BUILDING MOTHER'S PIE SAFE SIDE PANELS (2 required)
For each, cut four lengths of 1"x 6" T&G pine to 27". Lay out boards, narrow ends up, best side down, aligned so bottoms of boards lie evenly along a horizontal line, square-to sides of panels.
Lay 30-minute epoxy in grooves. Mate tongues and grooves. Tap joints to secure. When dry, saw, plane or cut the thin T&G millings from outer edges of outer boards. Trim panels to be even and square.
CORNER POSTS
Cut two lengths of 1"-square stock to be 1/2" less than height of sides. Screw and glue even with the outboard edges of panel. Bottoms should be even with bottom of sides (leaving X" at top for top-attachment filets). If using 1"-thick boards for the back, inset rear posts on each panel 1" inside of the rear edge. Leave flush for a thin-plywood back.
SHELF CLEATS
Lay glued-up side panels side-by-side. Determine number of shelves and their spacing (6" for bread, 4" for pies and muffins) and mark locations on insides of side panels. So top of bottom shelf will be even with lip of door opening, locate upper edge of bottom cleat 5 1/2" from bottom edge of side boards.

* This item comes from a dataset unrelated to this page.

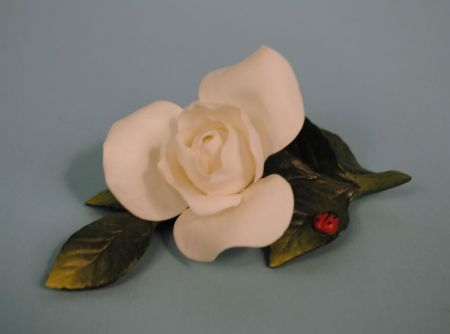 Boehm 1991 Porcelain "Society Rose", white rose on leaves with ladybug, 3" L. Boehm 1991 Porcelain "Society Rose", white rose on leaves with ladybug, 3" L.

For each shelf cleat, cut a length of 1"-square stock to rest along marked shelf lines, fitting loosely between vertical posts. Pilot-drill three holes in cleats, and select 1", 1 1/4" or 1 1/2" deck screws—whichever will not quite pierce outer surface of panel board. Screw and epoxy-glue cleats to panels.
BACK
Make 22" x 27" back from four 27" lengths of T&G (or from plywood if back won't be open to view). Trim millings from outboard edges of T&G of back panel and epoxy joints. Fasten two 20" lengths of 1"-square stock across plank, 3" from top and bottom.